Let's all Google together. (Score:5, Insightful)
We should all Google 'pressure cooker' and 'backpacks'. Let's send them for a spin.
Re: (Score:3)
that sound like a good idea maybe we should all make pressure cooker and backpack our sig
BAD article, better source, and other notes... (Score:5, Informative)
The Atlantic article is BAD. Not only is it a summary with no additional information (and information removed), but uses a bad and unrelated photograph!
Read the original article on Medium [medium.com], and I strongly suggest that a Slashdot editor change the article link.

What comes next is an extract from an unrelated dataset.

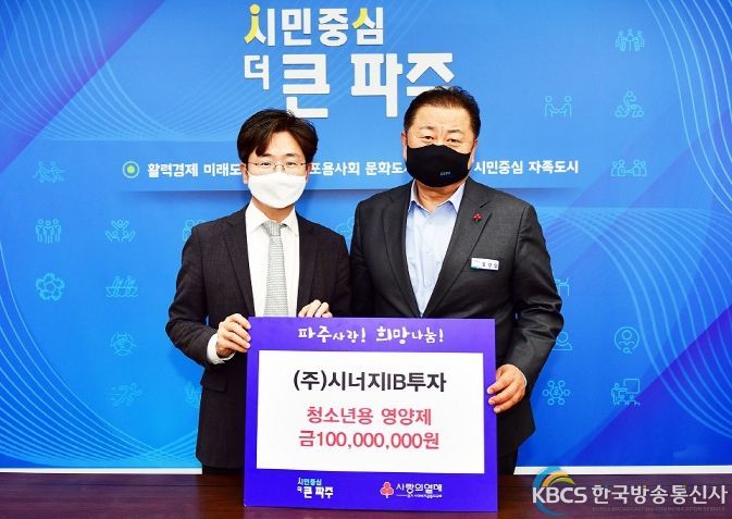 시너지IB투자(주)는 관내 저소득 청소년들이 건강하게 자라길 바라는 마음을 담아 영양제를 후원했으며, 기탁 물품은 파주시희망푸드뱅크를 통해 관내 지역아동센터 등 취약계층 아이들에게 전달될 예정이다.

Although circumstantial, this implies one of two possibilities. Either Google is voluntarily looking for "suspicious" searches and reporting them to law enforcement, or law enforcement (using a warrant, a wiretap, a NSL, or similar) is either forcing Google to look for such suspicious searches or simply wiretapping Google.

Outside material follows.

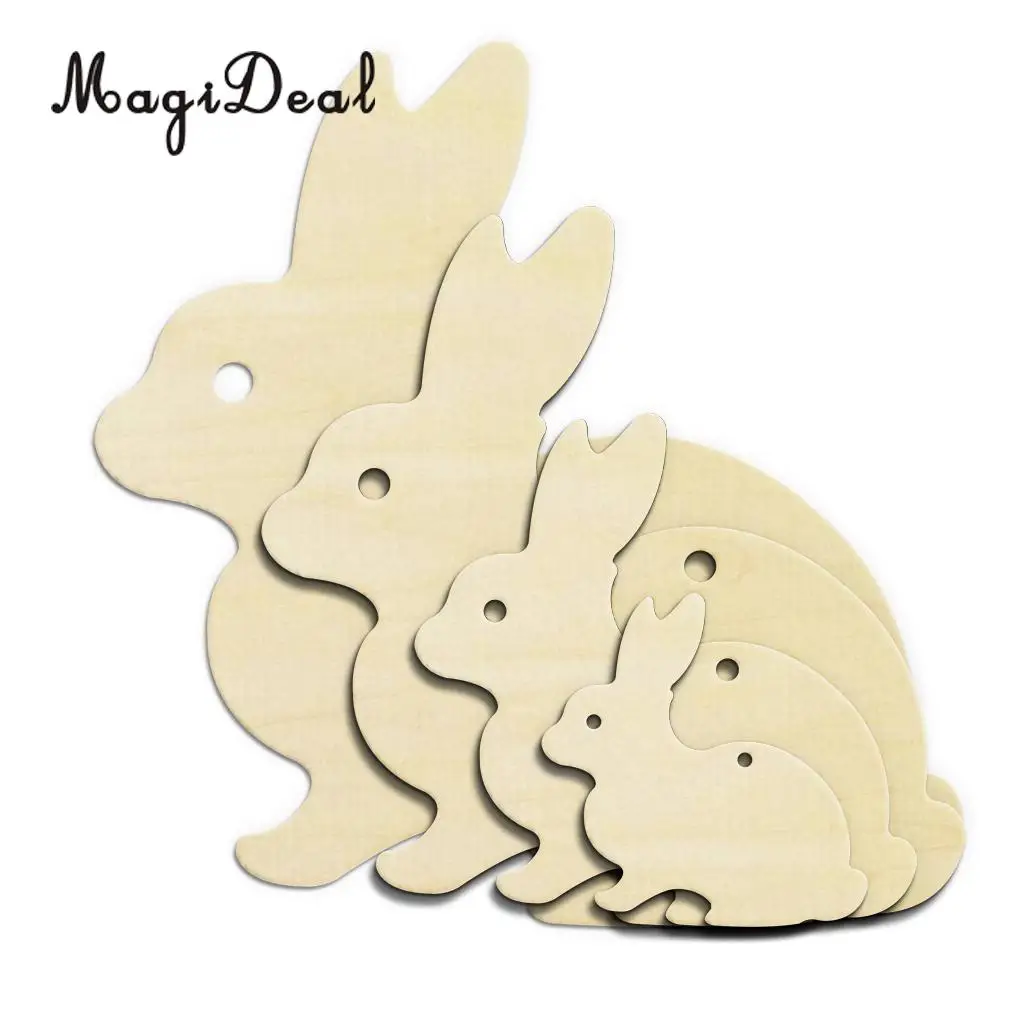 Magideal 10 Pieces Rustic Wooden Easter Bunny Wooden Cut Craft

Re:BAD article, better source, and other notes... (Score:5, Insightful)
Shame on her husband for allowing jack booted thugs into their home. Never consent to a search, and never speak to the police, except to assert your right to remain silent and request a lawyer. Every citizen who consents to these searches encourages them to do more.
Re:BAD article, better source, and other notes... (Score:5, Interesting)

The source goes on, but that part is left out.